Okay. After we know who is our client and what are results of our marketing campaign, let’s look at factors which could relate somehow to the responses to the present campaign (yes, our predictors). For that I will firstly just draw some different graphs. Each one will show the percentage proportion of those clients, who subscribed a term deposit and those, who did not.
Let’s go!
set_theme(base = theme_classic())
# marital status
sjp.xtab(ds$marital, ds$response,
margin = "row",
bar.pos = "stack",
title = "Relation with marital status",
axis.titles = "marital status",
legend.title = "subscribed a term deposit",
show.summary = TRUE,
show.n = FALSE,
show.prc = TRUE,
show.total = FALSE,
coord.flip = TRUE,
rev.order = FALSE)
# chi-sq test
t_marital <- with(ds, table(marital, response))
chi_mar <- chisq.test(t_marital)
chi_mar$stdres
## response
## marital no yes
## divorced -0.5671748 0.5671748
## married 12.3011747 -12.3011747
## single -12.9948418 12.9948418
On the graph above we may notice that single people give positive responses more often, than married ones.

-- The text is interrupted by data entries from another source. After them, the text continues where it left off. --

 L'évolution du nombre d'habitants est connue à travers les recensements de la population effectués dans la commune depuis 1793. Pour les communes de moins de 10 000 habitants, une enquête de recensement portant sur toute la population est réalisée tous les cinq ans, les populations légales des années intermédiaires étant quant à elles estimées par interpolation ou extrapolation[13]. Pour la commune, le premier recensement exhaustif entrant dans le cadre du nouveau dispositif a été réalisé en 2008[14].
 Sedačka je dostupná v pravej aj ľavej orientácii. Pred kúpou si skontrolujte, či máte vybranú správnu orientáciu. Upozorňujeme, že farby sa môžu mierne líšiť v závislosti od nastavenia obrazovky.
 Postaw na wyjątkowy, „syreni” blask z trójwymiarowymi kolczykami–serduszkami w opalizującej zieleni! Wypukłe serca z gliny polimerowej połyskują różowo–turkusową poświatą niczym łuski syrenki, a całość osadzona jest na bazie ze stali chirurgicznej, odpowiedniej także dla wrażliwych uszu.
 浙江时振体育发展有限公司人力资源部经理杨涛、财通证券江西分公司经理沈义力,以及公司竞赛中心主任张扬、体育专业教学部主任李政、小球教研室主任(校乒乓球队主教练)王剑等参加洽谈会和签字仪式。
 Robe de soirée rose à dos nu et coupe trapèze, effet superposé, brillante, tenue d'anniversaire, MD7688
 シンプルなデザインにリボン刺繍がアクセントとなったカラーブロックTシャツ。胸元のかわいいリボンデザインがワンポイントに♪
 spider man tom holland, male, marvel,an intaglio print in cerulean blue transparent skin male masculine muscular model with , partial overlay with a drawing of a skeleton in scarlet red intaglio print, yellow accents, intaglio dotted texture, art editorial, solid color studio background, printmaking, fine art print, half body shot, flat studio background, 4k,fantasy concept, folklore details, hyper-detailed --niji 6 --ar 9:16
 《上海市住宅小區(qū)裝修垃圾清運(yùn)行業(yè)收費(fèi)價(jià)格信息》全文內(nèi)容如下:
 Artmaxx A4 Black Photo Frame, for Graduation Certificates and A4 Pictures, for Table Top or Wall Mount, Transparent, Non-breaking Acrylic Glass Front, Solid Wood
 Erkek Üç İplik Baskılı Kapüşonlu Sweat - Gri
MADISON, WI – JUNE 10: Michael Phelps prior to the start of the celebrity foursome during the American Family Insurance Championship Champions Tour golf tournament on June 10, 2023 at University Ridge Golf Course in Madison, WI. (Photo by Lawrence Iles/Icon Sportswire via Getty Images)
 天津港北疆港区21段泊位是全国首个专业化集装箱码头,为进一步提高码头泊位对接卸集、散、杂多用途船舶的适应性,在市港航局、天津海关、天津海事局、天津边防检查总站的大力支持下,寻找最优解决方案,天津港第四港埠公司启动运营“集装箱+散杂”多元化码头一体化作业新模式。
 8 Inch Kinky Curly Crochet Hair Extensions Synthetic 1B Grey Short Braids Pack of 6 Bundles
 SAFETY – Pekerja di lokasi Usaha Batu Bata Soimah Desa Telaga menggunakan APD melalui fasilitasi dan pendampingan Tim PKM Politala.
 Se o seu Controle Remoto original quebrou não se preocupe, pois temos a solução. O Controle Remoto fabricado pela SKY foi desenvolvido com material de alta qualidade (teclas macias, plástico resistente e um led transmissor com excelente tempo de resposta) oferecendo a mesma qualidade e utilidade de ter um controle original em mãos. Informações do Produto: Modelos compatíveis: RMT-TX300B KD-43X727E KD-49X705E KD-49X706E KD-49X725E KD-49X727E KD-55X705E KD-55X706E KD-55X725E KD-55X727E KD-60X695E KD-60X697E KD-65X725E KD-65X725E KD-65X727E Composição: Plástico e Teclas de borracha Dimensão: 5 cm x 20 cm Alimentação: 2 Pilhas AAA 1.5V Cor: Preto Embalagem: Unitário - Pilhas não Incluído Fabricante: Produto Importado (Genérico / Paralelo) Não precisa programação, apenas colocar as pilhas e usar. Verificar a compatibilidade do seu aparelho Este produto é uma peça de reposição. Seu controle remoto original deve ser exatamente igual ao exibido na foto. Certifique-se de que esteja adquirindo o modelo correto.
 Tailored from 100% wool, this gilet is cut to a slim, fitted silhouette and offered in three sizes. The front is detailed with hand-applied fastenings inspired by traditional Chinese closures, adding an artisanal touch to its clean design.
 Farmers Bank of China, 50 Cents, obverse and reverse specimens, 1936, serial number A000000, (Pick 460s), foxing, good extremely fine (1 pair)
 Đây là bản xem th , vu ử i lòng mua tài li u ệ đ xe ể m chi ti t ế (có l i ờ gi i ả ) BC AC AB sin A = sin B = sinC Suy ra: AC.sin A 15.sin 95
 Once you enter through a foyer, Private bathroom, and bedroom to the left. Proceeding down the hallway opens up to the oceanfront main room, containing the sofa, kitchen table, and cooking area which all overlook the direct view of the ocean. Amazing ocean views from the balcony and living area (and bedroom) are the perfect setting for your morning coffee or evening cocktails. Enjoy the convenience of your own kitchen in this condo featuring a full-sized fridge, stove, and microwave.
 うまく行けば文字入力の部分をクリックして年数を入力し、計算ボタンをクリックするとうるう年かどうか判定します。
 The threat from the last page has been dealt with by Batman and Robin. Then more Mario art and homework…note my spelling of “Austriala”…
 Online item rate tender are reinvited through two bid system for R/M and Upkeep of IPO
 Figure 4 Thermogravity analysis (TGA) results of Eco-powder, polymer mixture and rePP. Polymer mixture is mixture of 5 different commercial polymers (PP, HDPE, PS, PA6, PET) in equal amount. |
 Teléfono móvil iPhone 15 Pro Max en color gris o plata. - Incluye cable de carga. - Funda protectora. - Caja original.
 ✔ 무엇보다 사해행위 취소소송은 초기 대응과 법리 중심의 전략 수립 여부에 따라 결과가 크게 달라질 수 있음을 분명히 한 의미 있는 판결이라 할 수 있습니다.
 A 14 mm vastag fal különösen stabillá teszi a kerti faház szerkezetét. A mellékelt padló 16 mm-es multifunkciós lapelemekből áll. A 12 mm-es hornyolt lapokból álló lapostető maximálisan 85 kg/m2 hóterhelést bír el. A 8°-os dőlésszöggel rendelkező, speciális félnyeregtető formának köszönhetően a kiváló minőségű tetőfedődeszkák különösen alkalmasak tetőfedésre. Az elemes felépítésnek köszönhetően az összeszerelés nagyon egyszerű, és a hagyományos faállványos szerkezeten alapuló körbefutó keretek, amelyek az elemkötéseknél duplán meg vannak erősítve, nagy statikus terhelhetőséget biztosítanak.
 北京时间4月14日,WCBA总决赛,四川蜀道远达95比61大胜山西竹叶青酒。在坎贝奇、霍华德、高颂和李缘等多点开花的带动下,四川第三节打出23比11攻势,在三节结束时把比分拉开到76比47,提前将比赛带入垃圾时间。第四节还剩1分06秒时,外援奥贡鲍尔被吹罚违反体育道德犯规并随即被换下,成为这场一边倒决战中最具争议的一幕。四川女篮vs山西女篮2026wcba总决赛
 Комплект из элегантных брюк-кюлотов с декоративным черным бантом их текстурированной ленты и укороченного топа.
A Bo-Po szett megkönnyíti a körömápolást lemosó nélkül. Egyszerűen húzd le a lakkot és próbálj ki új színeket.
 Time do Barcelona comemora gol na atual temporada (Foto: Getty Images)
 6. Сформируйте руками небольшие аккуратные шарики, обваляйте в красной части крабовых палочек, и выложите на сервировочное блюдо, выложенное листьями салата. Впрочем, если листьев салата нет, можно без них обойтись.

Test shows that there’s a relation between client’s marital status and if they subscibed to a term deposit: single clients tend to give positive responses, while married, in contrast, give negative.
# job and education
sjp.xtab(ds$education, ds$response,
margin = "row",
bar.pos = "stack",
title = "Relation with сlient's education",
axis.titles = "education level",
legend.title = "subscribed a term deposit",
show.summary = TRUE,
show.n = FALSE,
show.prc = TRUE,
show.total = FALSE,
coord.flip = TRUE,
rev.order = FALSE)
t_edu <- with(ds, table(education, response))
chi_edu <- chisq.test(t_edu)
chi_edu
##
## Pearson's Chi-squared test
##
## data: t_edu
## X-squared = 210.72, df = 2, p-value < 2.2e-16
chi_edu$stdres
## response
## education no yes
## primary 8.276654 -8.276654
## secondary 6.639639 -6.639639
## tertiary -13.802452 13.802452
From the graph we see a slight percentage increase with the increasing educational level. As for the test, there is some relation: clients with higher education (tertiary) give positive responses and those, who have primary or secondary education, tend to give negative responses to the marketing campaign.
sjp.xtab(ds$employed, ds$response,
margin = "row",
bar.pos = "stack",
title = "Relation with сlient's employment",
axis.titles = "If client employed or not",
legend.title = "subscribed a term deposit",
show.summary = FALSE,
show.n = FALSE,
show.prc = TRUE,
show.total = FALSE,
coord.flip = TRUE,
rev.order = FALSE)
sjp.xtab(ds$job, ds$response,
margin = "row",
bar.pos = "stack",
title = "Relation with сlient's job position",
axis.titles = "job position",
legend.title = "subscribed a term deposit",
show.summary = FALSE,
show.n = FALSE,
show.prc = TRUE,
show.total = FALSE,
coord.flip = TRUE,
rev.order = FALSE)
t_emp <- with(ds, table(employed, response))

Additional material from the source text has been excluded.